Joan Alice Katherine Grigg, Baroness Altrincham ( Dickson-Poynder; 11 September 1897 – 1987) was a British organiser of maternity and nursing services in Kenya. She disagreed with the Governor of Kenya (her husband) about race issues and she established medical facilities for all races.

Life 
Grigg was born in the country house called Hartham Park near Corsam in Wiltshire. She was the first and last child of Ann (born Beauclerk) and John Dickson-Poynder, 1st Baron Islington. Her father volunteered his time to a hospital and her mother took an interest in nursing. In 1910, her father became Baron Islington and Governor of New Zealand.

During the First World War she became a nurse after being one of the thousands who volunteered for the Volunteer Aid Detachment. Aged nineteen, she was first based in Canterbury where she worked in a military hospital before she moved out to work in a hospital in Rouen in 1917. She went on to work with the French army before the war ended.

In 1923 she married a Liberal Member of Parliament Edward Grigg. In 1925 her husband was made Governor of Kenya. He was tasked with merging Uganda, Tanganyika and Kenya but ended up creating fine buildings and a steady administration that attracted investment. He believed that Africans were not ready to rule themselves and his administration took little interest in creating hospitals or health care.

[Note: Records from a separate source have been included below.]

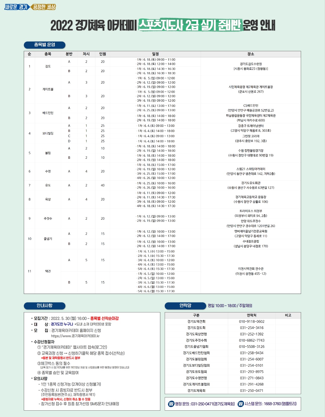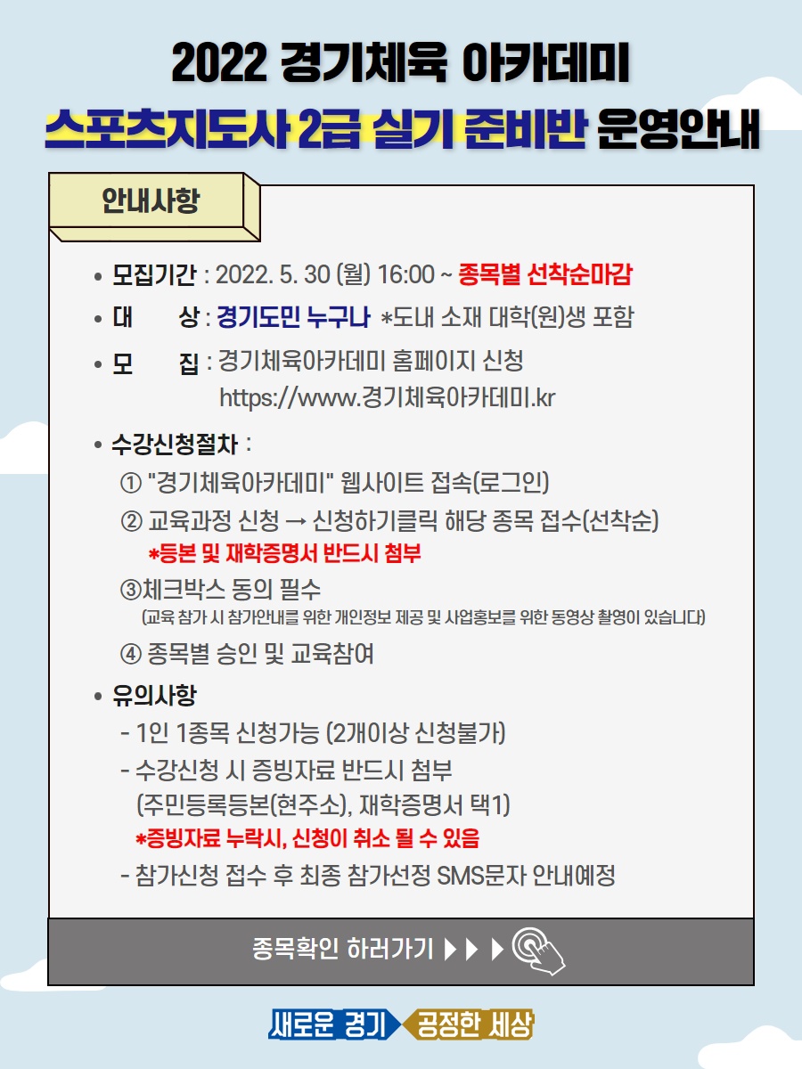 2022 경기체육 아카데미 스포츠지도사2급 실기 준비반 운영 알림
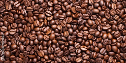 Fototapeta premium A textured close-up of freshly roasted coffee beans, showcasing their rich...
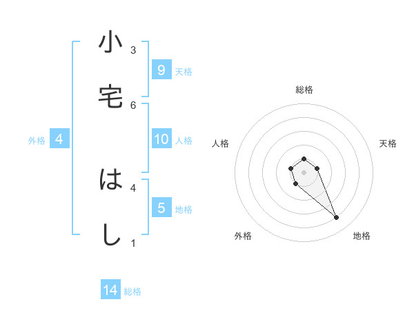 小宅 はしさんの総格は14画の1点!
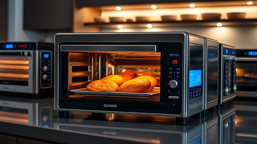 Powerful and practical, premium toaster ovens with air frying capabilities are surprisingly energy-efficient. I’ve noticed they use less energy than traditional ovens, thanks to faster cooking times and targeted heating. Plus, their multi-functionality means I get more done with less power. If you’re aiming for gourmet results without guzzling energy, these appliances are a smart, sustainable choice that save both time and electricity.
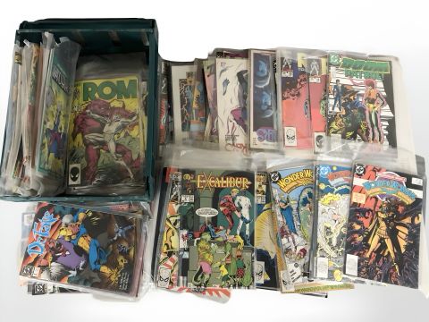 D.C and Marvel comics including Wonder Woman, Rom Knight, The Wanderers, Excalibur, etc. (1 box)
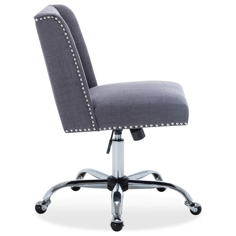 Enhance your productivity with this ribbed office chair by Belleze. The clean design with chrome accents creates a professional atmosphere in your office. The fabric upholstery adds a luxurious feel while the padding underneath provides comfort while you work. With its pneumatic gas system the chair allows for smooth adjustments to a variety of desk heights. Move about easily and efficiently due to the five castors at the base of the chair.
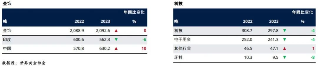 实物金需求主要涉及「金饰需求」和「科技用金」,两者对金价的影响较小。
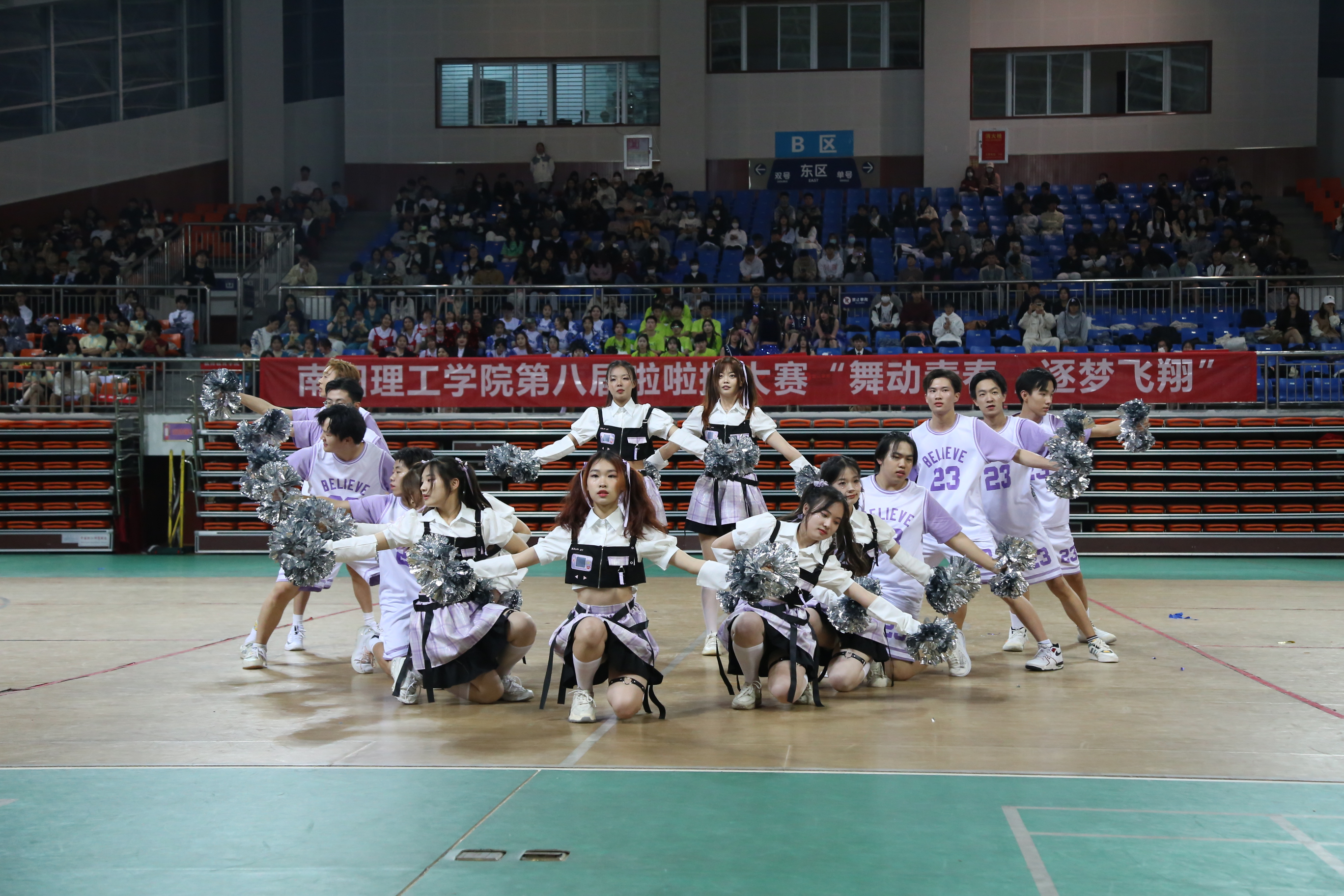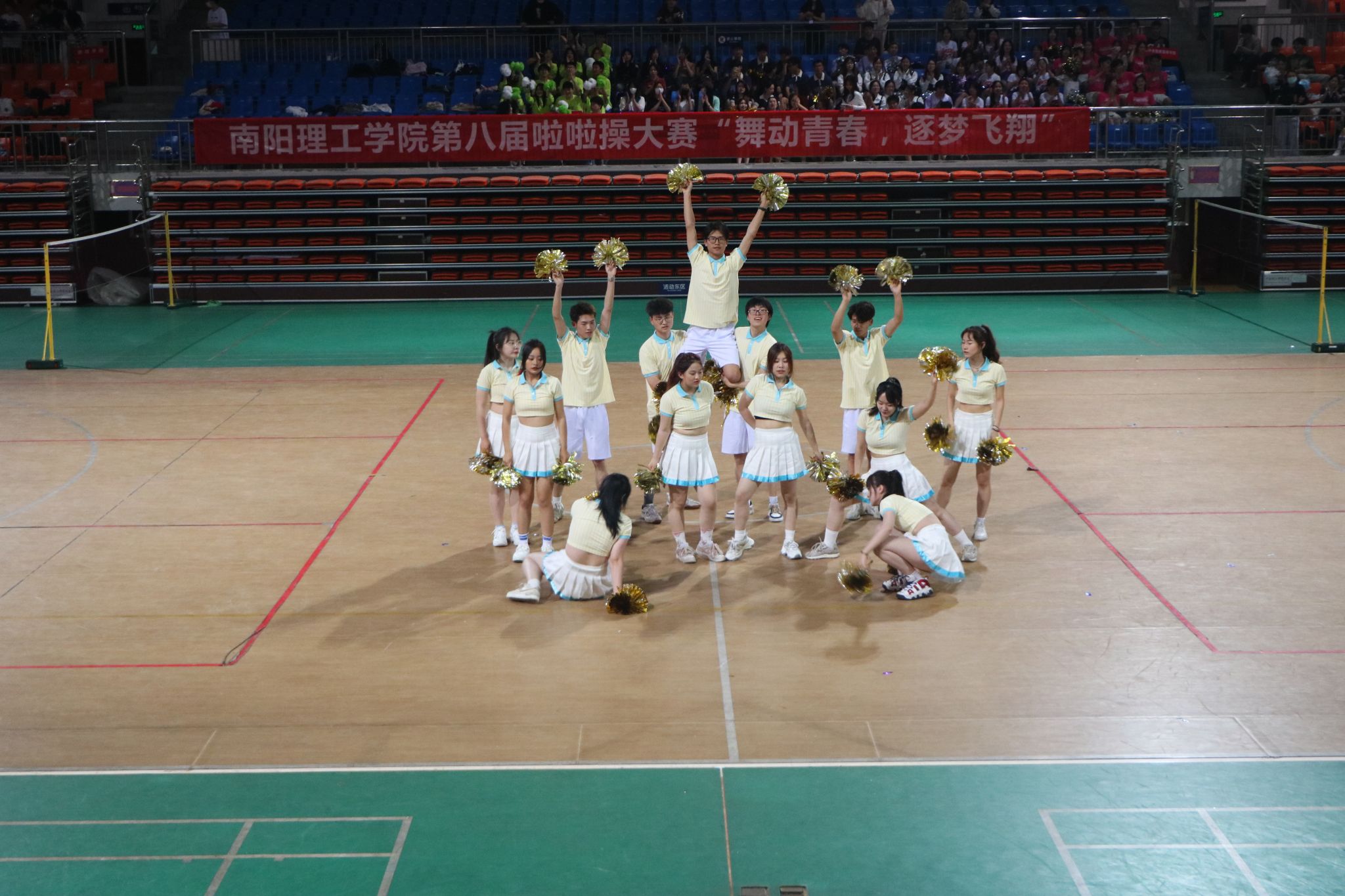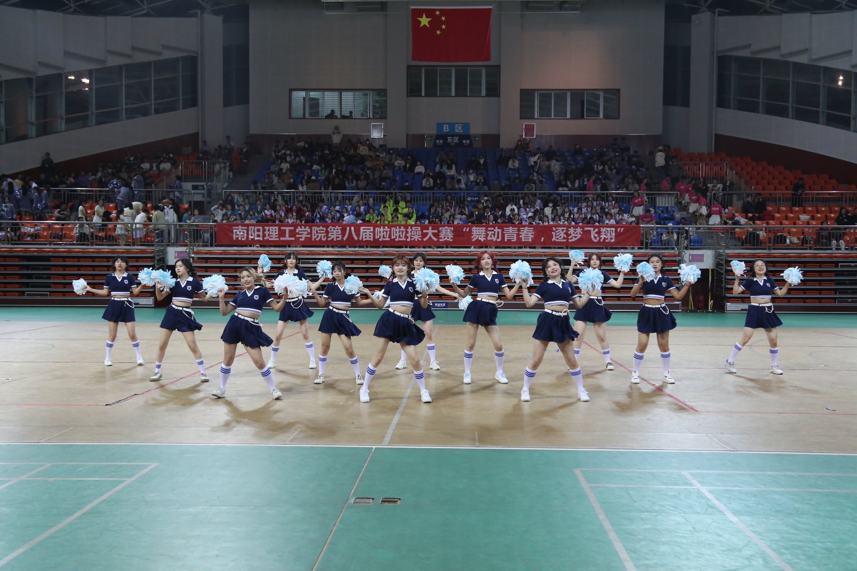 本网讯(特约通讯员/孙云彦 学生记者/纪明哲 齐鑫)5月6日,南阳理工学院第八届啦啦操大赛“舞动青春,逐梦飞翔”在东南校区体育馆二楼顺利举办,副校长张世海及体育教学部负责人观看比赛并为获胜队伍颁奖。

Like her parents and building on her wartime experience she took an interest in hospitals in Kenya (and this reflected well on her husband). She disagreed with her husbands views of white rule. She found the social life at Government House in Nairobi dull although she was befriended by Karen Blixen who was then a Danish farmer (but who would in time write Out of Africa about her time in Kenya.) 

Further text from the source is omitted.